The issue is vital because if the system designed to assess viability assumes that developers pay much less for sites than they do in reality, it will assume sites are viable which cannot in reality be built on.

The guidance emerged from a compromise between the Local Government Association and the Homes Builders’ Federation,

Building understands that earlier drafts of the review had included much more commercial basis for valuation, but that the LGA had refused to agree it.

Sir John Harman defended the fact the guidance was based on existing use value, saying the system was not set up to rate individual sites, but was supposed to provide a means of calculating viability across a whole council area.

He added that the guidance allowed account to be taken of market value in specific circumstances. “This is the one issue we returned to again and again. We almost said we will not say anything about this at all because it was so hard to agree,” he said.

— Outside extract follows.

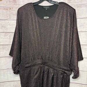 Eloquii Dress Dolman Sleeves Tulip Hem Lurex Metallic Sparkly Black New Size 24

HBF executive chair Stewart Baseley, who negotiated the compromise, admitted the HBF had “desperately grappled” to find a simple solution.

Roger Humber, strategic policy adviser for the House Builders’ Association, said: “This guidance will not give inspectors the teeth they need to intervene and it leaves far too much flexibility to local authorities.

“Despite a far wider range of inputs from other bodies and individuals which was largely discarded, this advice is a massive lost opportunity to change local authority behaviours, for which industry leaders must bear principal responsibility.”

Local Housing Delivery Group

The group, led by former environment Agency chairman Sir John Harman, published a methodology to allow local councils to judge the viability of land allocated to housing in their local plans.

This is vital, because the new National Planning Policy Framework says that councils have to provide a five-year supply of “viable” land for housing development.

The Viability Testing Local Plans document outlines a five-step process for councils to follow to ensure this is done properly.

Developers are able to challenge the “soundness” of local plans if, in the wording of the NPPF, a plan is “subject to such a scale of obligations and policy burdens that their ability to be developed viably is threatened.”

In addition Harman’s group has published a “Review of Local Standards for the Delivery of New Homes”. This review examined whether it is possible to simplify the overlapping policy burdens placed on new developments, such as the Code for Sustainable Homes, Lifetime Homes, and the so-called “Merton rule” requiring on-site renewable technologies.

The report recommended setting up an industry group including the bodies owning the various standards, to take charge of rationalising standards and moving the most vital parts into building regulations.